Your instructions
Reproduce the records below exactly; no pictures.

** Opening Dataset block **

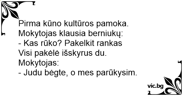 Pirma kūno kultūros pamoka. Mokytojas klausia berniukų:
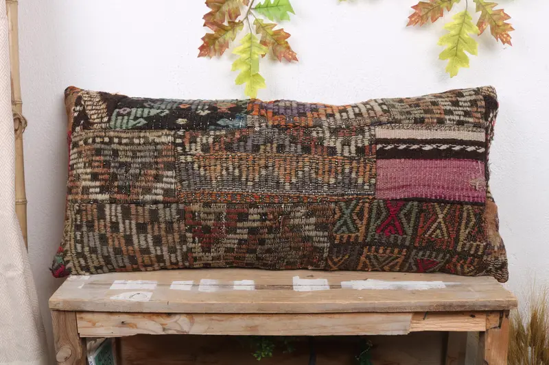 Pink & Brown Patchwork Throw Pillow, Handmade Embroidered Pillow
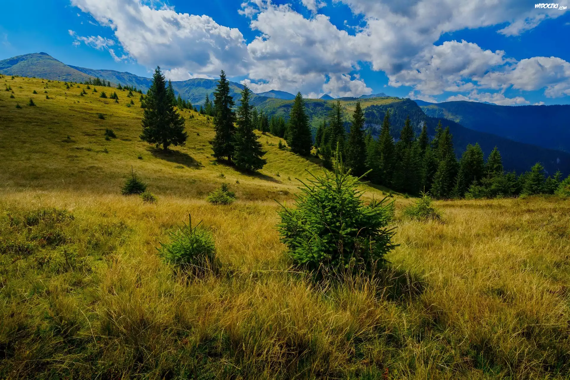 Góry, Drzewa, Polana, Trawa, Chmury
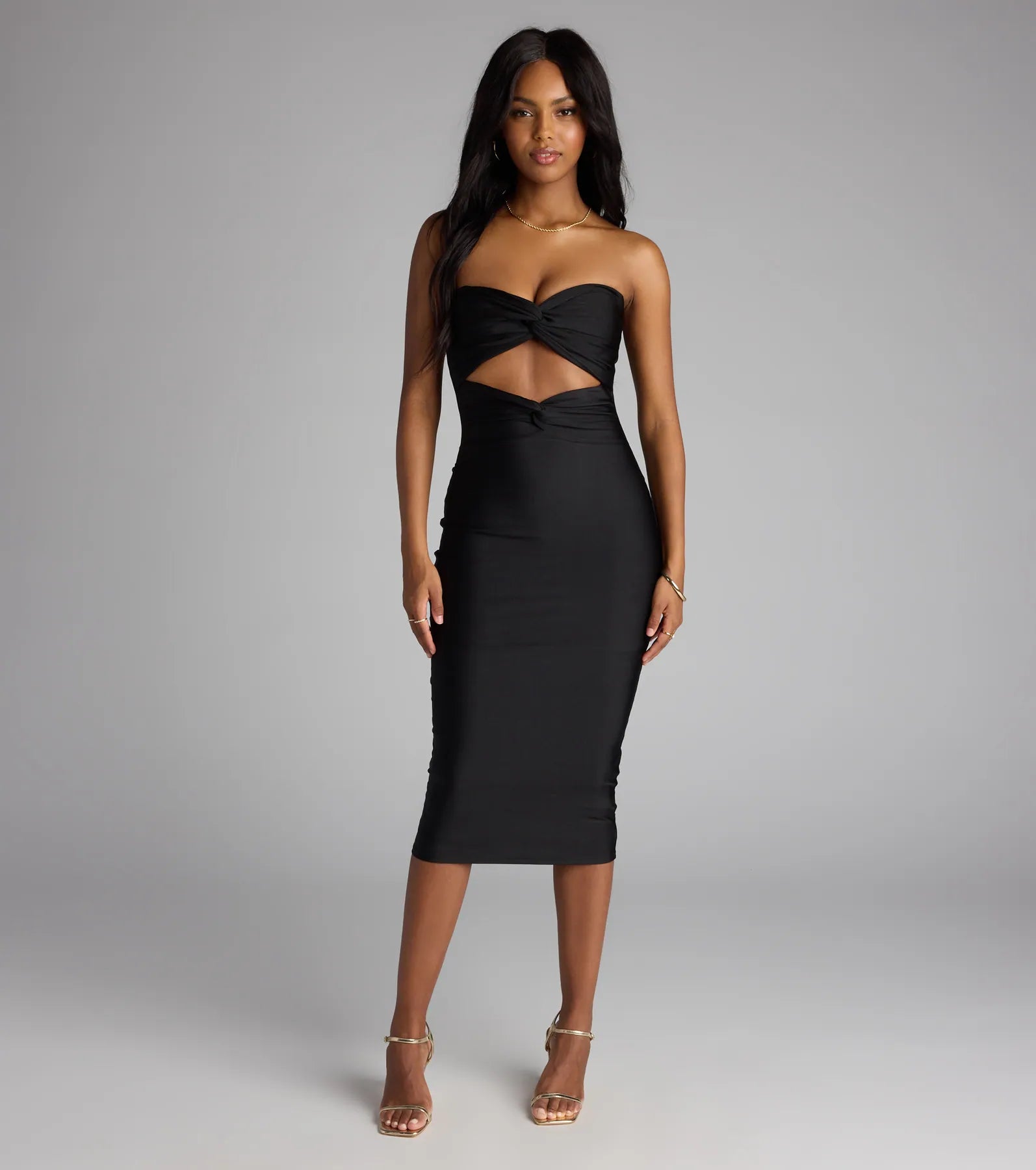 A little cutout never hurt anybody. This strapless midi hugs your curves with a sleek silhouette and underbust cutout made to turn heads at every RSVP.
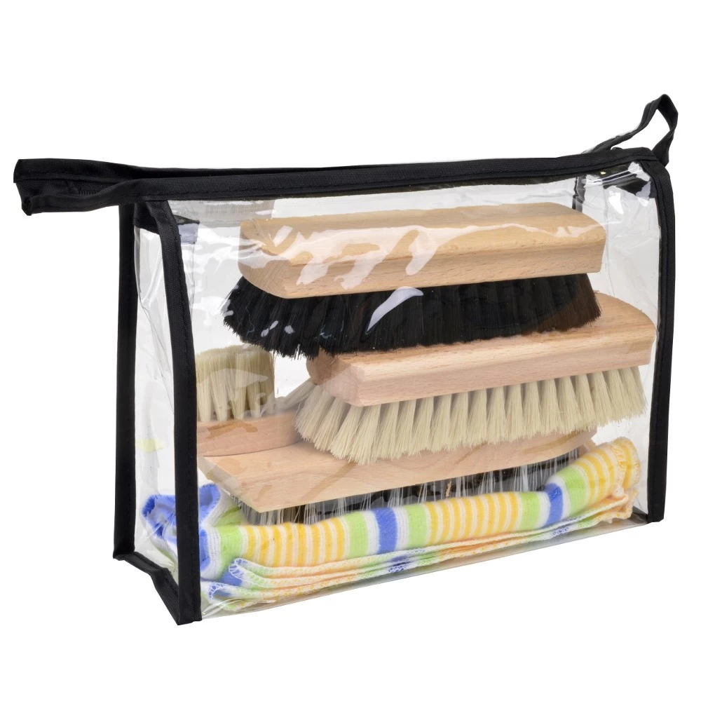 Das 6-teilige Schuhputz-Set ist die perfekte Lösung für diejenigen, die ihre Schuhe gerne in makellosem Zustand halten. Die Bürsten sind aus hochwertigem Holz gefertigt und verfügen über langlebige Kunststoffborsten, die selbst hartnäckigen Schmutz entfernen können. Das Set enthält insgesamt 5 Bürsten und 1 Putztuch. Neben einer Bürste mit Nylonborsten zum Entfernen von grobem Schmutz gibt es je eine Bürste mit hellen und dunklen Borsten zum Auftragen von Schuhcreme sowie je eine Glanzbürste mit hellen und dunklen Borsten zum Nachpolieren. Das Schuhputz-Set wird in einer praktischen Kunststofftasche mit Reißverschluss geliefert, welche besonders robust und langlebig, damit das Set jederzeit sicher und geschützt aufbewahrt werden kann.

** Closing Dataset block **

Task output
 Pirma kūno kultūros pamoka. Mokytojas klausia berniukų:
 Pink & Brown Patchwork Throw Pillow, Handmade Embroidered Pillow
 Góry, Drzewa, Polana, Trawa, Chmury
 A little cutout never hurt anybody. This strapless midi hugs your curves with a sleek silhouette and underbust cutout made to turn heads at every RSVP.
 Das 6-teilige Schuhputz-Set ist die perfekte Lösung für diejenigen, die ihre Schuhe gerne in makellosem Zustand halten. Die Bürsten sind aus hochwertigem Holz gefertigt und verfügen über langlebige Kunststoffborsten, die selbst hartnäckigen Schmutz entfernen können. Das Set enthält insgesamt 5 Bürsten und 1 Putztuch. Neben einer Bürste mit Nylonborsten zum Entfernen von grobem Schmutz gibt es je eine Bürste mit hellen und dunklen Borsten zum Auftragen von Schuhcreme sowie je eine Glanzbürste mit hellen und dunklen Borsten zum Nachpolieren. Das Schuhputz-Set wird in einer praktischen Kunststofftasche mit Reißverschluss geliefert, welche besonders robust und langlebig, damit das Set jederzeit sicher und geschützt aufbewahrt werden kann.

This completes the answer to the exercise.